The recommended rate at which to lose weight is at a pace of 1 to 2 lbs. per week, according to MayoClinic.com, and the best way to do it is through a combination of a healthy, low-calorie diet and exercise. Any weight loss program has at its roots the basic principle that you need to burn more calories than you consume to drop the pounds. Although you can do this through exercise alone, you will have to work a lot harder if you don't include a lower calorie diet. Eating healthy foods will also give you needed nutrition to help the body function properly, which is especially important if you are going to be exercising more.
Step 1
Watch your calories. To lose 1 lb. of fat, you need to burn 3,500 more calories than you consume. MayoClinic.com recommends starting off your weight loss program by dropping 500 calories a day from your diet. This means that as long as the calories taken in are equal to the amount of calories you are burning, you will create a deficit of 3,500 calories in a week, which takes care of losing 1 lb.

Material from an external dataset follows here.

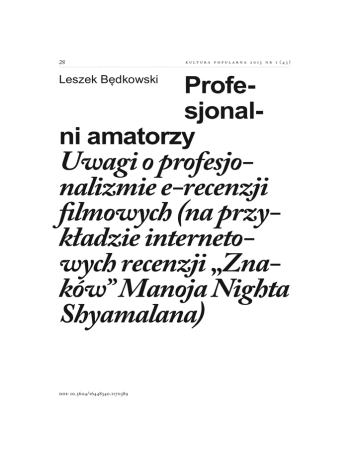 28 kultura popularna 2015 nr 1 (43) 3URIH VMRQDO QLDPDWRU]\ /HV]HN%ĊGNRZVNL Uwagi o profesjonalizmie e-recenzji filmowych (na przykładzie internetowych recenzji „Znaków” Manoja Nighta Shyamalana) DOI: 10.5604/16448340.1170389 Leszek Będkowski Profesjonalni amatorzy Podjęte tu rozważania odsyłają wprawdzie już w tytule do szerokiego zagadnienia profesjonalizmu i profesjonalizacji w dziennikarstwie, nie jest ono jednak ich zasadniczym przedmiotem. W artykule ograniczam się do rozważenia kwestii profesjonalizmu e-recenzji filmowej i spojrzenia w tym kontekście na recenzje Znaków (USA, 2002) zamieszczone na stronach serwisów internetowych poświęconych filmowi 1. Zaznaczam, że pojęcia „profesjonalizm” używam wyłącznie jako synonimu fachowości i kompetencji niekoniecznie związanych z wykonywanym zawodem czy posiadanym wykształceniem. Wynika stąd subiektywizm proponowanego namysłu nad recenzją internetową. Trudno przecież rozpatrywać jej kondycję wyłącznie w oparciu o ustalenia normatywne, niekiedy bardzo szczegółowe, odnoszące się do warsztatu recenzenta (por. Wolny-Zmorzyński, Kaliszewski, Furman, 2006: 97–99), bez uwzględnienia uwarunkowań dziennikarstwa społecznościowego, oczekiwań współczesnych odbiorców tekstów medialnych czy poziomu kompetencji komunikacyjnych społeczeństwa (funkcjonalny analfabetyzm). Również świadomość odmienności aktualizacji tekstowych abstrakcyjnego wzorca recenzji nie skłania do uszczegółowienia jej wyróżników gatunkowych, które przesądzałyby o uznaniu danego tekstu bądź nie za recenzję stricte dziennikarską. Nie tyle ze względu na cenną niepowtarzalność każdej wypowiedzi realizującej dany gatunek mowy, ile z uwagi na znaczną „strefę autorskiej wolności” (Kurek, 1996: 76) tradycyjnie przyznawaną recenzentom oraz problematyczność prób różnicowania powinności recenzenta i krytyka. Wątpliwości nie będzie budzić usytuowanie recenzji dziennikarskiej w obrębie gatunków publicystycznych (Wolny-Zmorzyński, Kaliszewski, Furman, 2006; referendum pokaże, „kogo interesuje Polska, a kogo partykularny interes”. Bauer, 2000), chociaż znajdziemy też propozycje odmienne (Wojtak, 2004), niemające wszakże wpływu na wyróżnianie typologicznych cech wzorca recenzji. Określając go, zmuszeni jesteśmy poprzestać na stwierdzeniu, że recenzją jest tekst zawierający, jako dominantę, omówienie oraz ocenę tekstu kultury objętego prawem autorskim w rozumieniu ustawy o prawie autorskim. Warto zauważyć, że w fachowych opracowaniach dotyczących gatunków dziennikarskich recenzji nie poświęca się zbyt wiele miejsca, w niektórych nie jest ona omawiana, niekiedy nawet nie wymienia się jej w załączonych indeksach czy słownikach terminów (por.: Fras, 2005; Wojtak, 2008). Przyczyną nieobecności recenzji może być uznawanie jej za społecznie mało znaczący lub dobrze rozpoznany i zarazem łatwo rozpoznawalny gatunek dziennikarskiej publicystyki. Przypomnijmy też, że umiejętność pisemnego recenzowania tekstów kultury jest kształtowana już w pierwszych latach edukacji szkolnej, zaś nowa podstawa programowa z języka polskiego jednoznacznie wiąże redagowanie recenzji z wymaganiami maturalnymi na poziomie podstawowym. Dlaczego zatem napisanie dobrej recenzji jest postrzegane jako prawdziwa sztuka? Czy uniknięcie warsztatowych błędów recenzenta, przed którymi przestrzegają autorzy hasła „recenzja” zamieszczonego w Wikipedii (skądinąd dobrze opracowanego), gwarantuje, że otrzymamy profesjonalną recenzję? Wreszcie, na ile nowe media zmieniają nasze postrzeganie abstrakcyjnego wzorca tego gatunku i pojęcie fachowości recenzji? 1 W tekście artykułu posługuję się (podanymi w kwadratowych nawiasach) inicjałami imion i nazwisk autorów cytowanych i przywoływanych e-recenzji, zgodnie z informacją podaną w nocie bibliograficznej. Odwołuję się również do recenzji internautów, zamieszczonych na stronie http://film.wp.pl/id,1987,title,Znaki,film_recenzje_internautow.html (20. 03. 2014), podając w nawiasie podpis autora i tytuł recenzji, z zachowaniem oryginalnej pisowni. 29 /HV]HN%ĊGNRZVNL± 8URG]RQ\ZURNX /LWHUDWXUR]QDZFDGRNWRU QDXNKXPDQLVW\F]Q\FK DGLXQNWZ,QVW\WXFLH )LORORJLL3ROVNLHM$NDGHPLLLP-DQD'áXJRV]D Z&]ĊVWRFKRZLH -HJR]DLQWHUHVRZDQLD EDGDZF]HWROLWHUDWXUD polska XX wieku i najQRZV]D]HV]F]HJyOQ\P XZ]JOĊGQLHQLHPOLWHUDWXU\ SRSXODUQHM]ZáDV]F]D UyĪQ\FKRGPLDQV]HURNRSRMĊWHMIDQWDVW\NL 3U]HGPLRWHPEDGDĔMHVW NRPXQLNDFMDOLWHUDFND RUD]VSRáHF]QHNRQWHNVW\ WZyUF]RĞFLOLWHUDFNLHM :NUĊJX]DLQWHUHVRZDĔ EDGDZF]\FKSR]RVWDMH WDNĪH]DJDGQLHQLH JDWXQNyZG]LHQQLNDUVNLFKRUD]SHUVZD]\MQHJRRGG]LDá\ZDQLD Z\SRZLHG]LPHGLDOQ\FK LOLWHUDWXU\QDRGELRUFyZ $XWRUPRQRJUD¿L:SRV]XNLZDQLXSUDZG\=QLHZRORQHVSRáHF]HĔVWZD ZSRZLHĞFLDFKVFLHQFH ¿FWLRQ-DQXV]D$=DMGOD, :DUV]DZD OHV]HNEHGNRZVNL#ZSSO 30 kultura popularna 2015 nr 1 (43) Powyższe uwagi i pytania w pełni odnoszą się do e-recenzji filmowej, przy czym informacji o niej możemy nie znaleźć w pracach omawiających dziennikarskie gatunki internetowe (Olszański, 2006; Wolny-Zmorzyński, Furman, 2010). Nie dziwi to o tyle, że recenzje filmów zamieszczone w sieci nie reprezentują ani nowego gatunku dziennikarskiego, ani gatunku internetowego, uwagę zwraca także przekonanie badaczy o niewielkim współcześnie znaczeniu podziału gatunków na typy ze względu na prymarne medium publikacji (Fras, 2012: 25). Niewątpliwie odmienność wielu e-recenzji dzieł filmowych od recenzji filmów drukowanych w prasie jest wyraźnie dostrzegalna, nie wynika jednak z podważenia wymienionych wcześniej ogólnych, konstytutywnych cech recenzji (omówienie i ocena dzieła) oraz przypisywanych jej celów (funkcji), które z owych cech zawsze w jakimś stopniu dają się wyprowadzić. Co więcej, e-recenzja nie unieważnia również znaczenia słowa pisanego jako najistotniejszego kodu wypowiedzi recenzenta. Pozostaje o

The second pound of fat can be burned away by exercising. If you don't drop the 500 calories a day from your diet, you will have to exercise that much more.
Step 2
Do strength training two times a week. Be sure to include at least one exercise for all the major muscle groups, including the biceps, triceps, quadriceps, hamstrings, chest and abdominals. The American College of Sports Medicine recommends doing one set of eight to 12 repetitions of each exercise. You may gain a bit of muscle weight in the beginning, but that will quickly reach a plateau. Muscle helps burn fat more efficiently, boosts the metabolism and signals the body to take extra calories from fat instead of the valuable lean muscle.
Step 3
Do cardiovascular exercises five to six days a week for 60 to 90 minutes at a time. The intensity level should be enough that the exercise makes you sweat and increases your heart rate. If you are just starting to exercise, it's best to start slowly by walking or lightly jogging for 20 to 30 minutes. After you build more endurance, you can do more vigorous activity. Cardio exercises, such as running or jogging, burn hundreds of calories an hour, boost the metabolism and work the heart and lungs.
Step 4
Eat a healthy diet. Eating healthy will help keep your calories lower and give you the benefits of proper nutrition, which you will need if you are exercising more. MyPyramid.gov, the U.S. Department of Agriculture's website, recommends avoiding empty calories -- calories that have no nutritional value -- by staying away from foods high in added sugar and salt, fats, trans fats and cholesterol. Eat lean meats, poultry, fish, nuts and eggs, as well as fresh fruits and vegetables, whole grains and low-fat dairy products. Eat meals three to four hours apart to help keep the metabolism properly regulated and to give time for proper digestion.
Step 5
Avoid crash diets and exercise programs. According to the Cleveland Clinic, people who fare the best in the long-term weight loss department are the ones who established reasonable and effective habits. Many people who try extreme exercise programs burn out quickly and give up exercising entirely. The same is true for very low-calorie diets; many people start to binge eat because their body goes into starvation mode. They often gain back any weight they lost when they do this.
Step 6
Consult a doctor before beginning any exercise or weight loss program. Your doctor may prescribe a special diet to jump start your weight loss program or if you are obese. The diets are usually below the recommended number of daily calories and may allow you to lose the 10 lbs. in under 30 days. If you don't get prescribed a special diet, the recommended minimum daily intake of calories, according to MedlinePlus.com, is 1,500 for men and 1,200 for women.